I like anoles, but i like mice better! I feed my snakes on mice because they are easy to breed in numbers, and have good nutrition.

It's no different however if you were to breed anoles, it's just peoples perception.

Anoles/mice. Both vertebrates, both natural prey items. If bred for the purpose and killed humanely there's no actual difference.


----------



## Grond (Jun 17, 2008)

sam bow said:


> where do you even buy them from?


I breed my own mice, like many with a large collection.


----------



## Ron Magpie (Oct 11, 2009)

The problem with hognoses- and some other snakes- is that their 'natural' food isn't rodents, it's lizards. Hence the original query. Some snakes of this group, especially young ones, are really reluctant to take mice. Thats why the question, but also why the answer- if it smells like lizard, it MUST be lizard LOL


----------



## Grond (Jun 17, 2008)

Ron Magpie said:


> The problem with hognoses- and some other snakes- is that their 'natural' food isn't rodents, it's lizards. Hence the original query. Some snakes of this group, especially young ones, are really reluctant to take mice. Thats why the question, but also why the answer- if it smells like lizard, it MUST be lizard LOL


I agree that scenting works, and is an easier option.

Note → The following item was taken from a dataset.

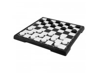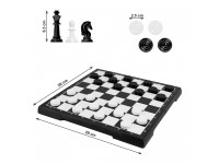 Set includes: plastic box with metal board, chess – 32 pieces, checkers – 24 pieces.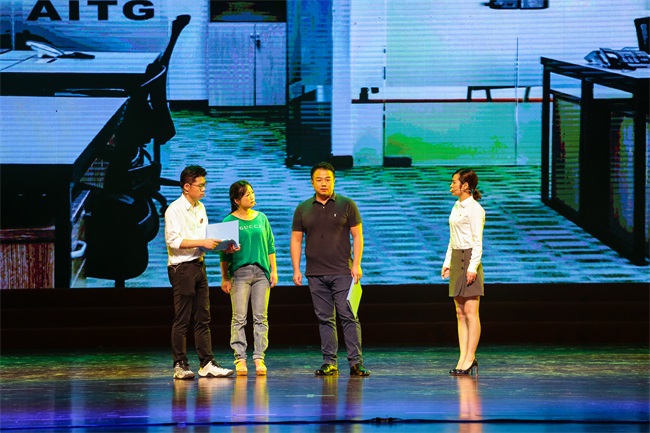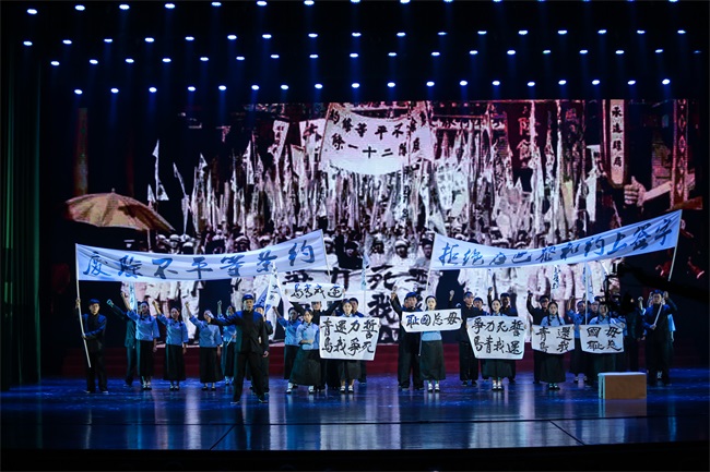 情景劇《使命的接力》分為四個篇章,前三個篇章以五四運動、抗日戰(zhàn)爭、新中國成立以及改革開放等重要時間節(jié)點為背景,節(jié)選具有鮮明時代烙印的畫面,講述了一百年來中國人民的民族氣節(jié)和不屈不饒的奮斗歷程;最后一個篇章則回歸到當(dāng)下外貿(mào)工作中的一個真實場景,描述了新時代國貿(mào)人接過前輩的接力棒,不忘初心、牢記使命,在一次次的磨礪中不斷成長,立志為中華民族偉大復(fù)興貢獻力量的動人故事。

I just find it strange that people(not necessarily yourself) are happy for mice to be killed for food, but not for lizards.

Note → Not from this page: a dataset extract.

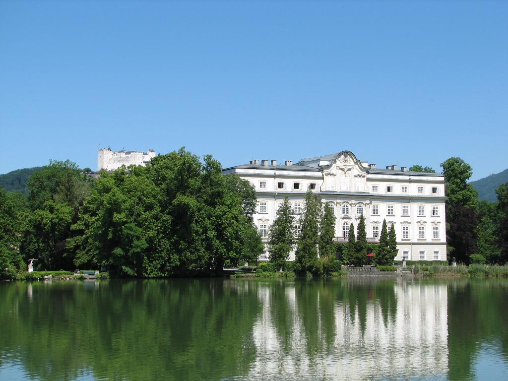This house built for an Archbishop was used as the model for the back of the house in the Sound of Music. Salzburg fortress in the background. This view of the house is never shown in the movie. Another nearby house was used (it was a different color). A replica of the gates on the lake was made at another place on the lake. This is where the scenes looking out onto the lake were shot. Nevertheless, many people recognize this as the "Sound of Music" house -- possibly, due to publicity photos.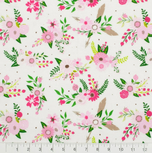 3 Flannel Fat Quarters Wild and Free Little Feet Boutique Pink White 18" x 21" Baby

There is no distinction apart from personal perception and common practice.


----------



## toad650 (Feb 9, 2009)

If you are going to end up starting a breeding colony of anoles you better start soon as baby anoles are tiny n you'll prob need to leave them a year to grow to any decent size, 1 female will produce 4-6 eggs a year i spose and even then you've got a month or so to wait for them to be laid n another couple to wait for them to hatch so it will be a big project to get started :blush:


----------



## Grond (Jun 17, 2008)

toad650 said:


> If you are going to end up starting a breeding colony of anoles you better start soon as baby anoles are tiny n you'll prob need to leave them a year to grow to any decent size, 1 female will produce 4-6 eggs a year i spose and even then you've got a month or so to wait for them to be laid n another couple to wait for them to hatch so it will be a big project to get started :blush:


This is the biggest hurdle to using them as feeders! They are not as easy to breed as mice!


----------



## Ssthisto (Aug 31, 2006)

Another potential trick you can use is sticking shed lizard skin to the mice - it's like scenting-squared.


----------



## Blaptica (Jun 26, 2008)

The idea of breeding enough anoles to feed a snake to me is a non stater. You would need numerous enclosures to hold various age anoles. They only normally produce one egg in each clutch ! They grow quite slowly. You would end up spending most of your time working with the the anoles, not the reptiles you wanted to keep.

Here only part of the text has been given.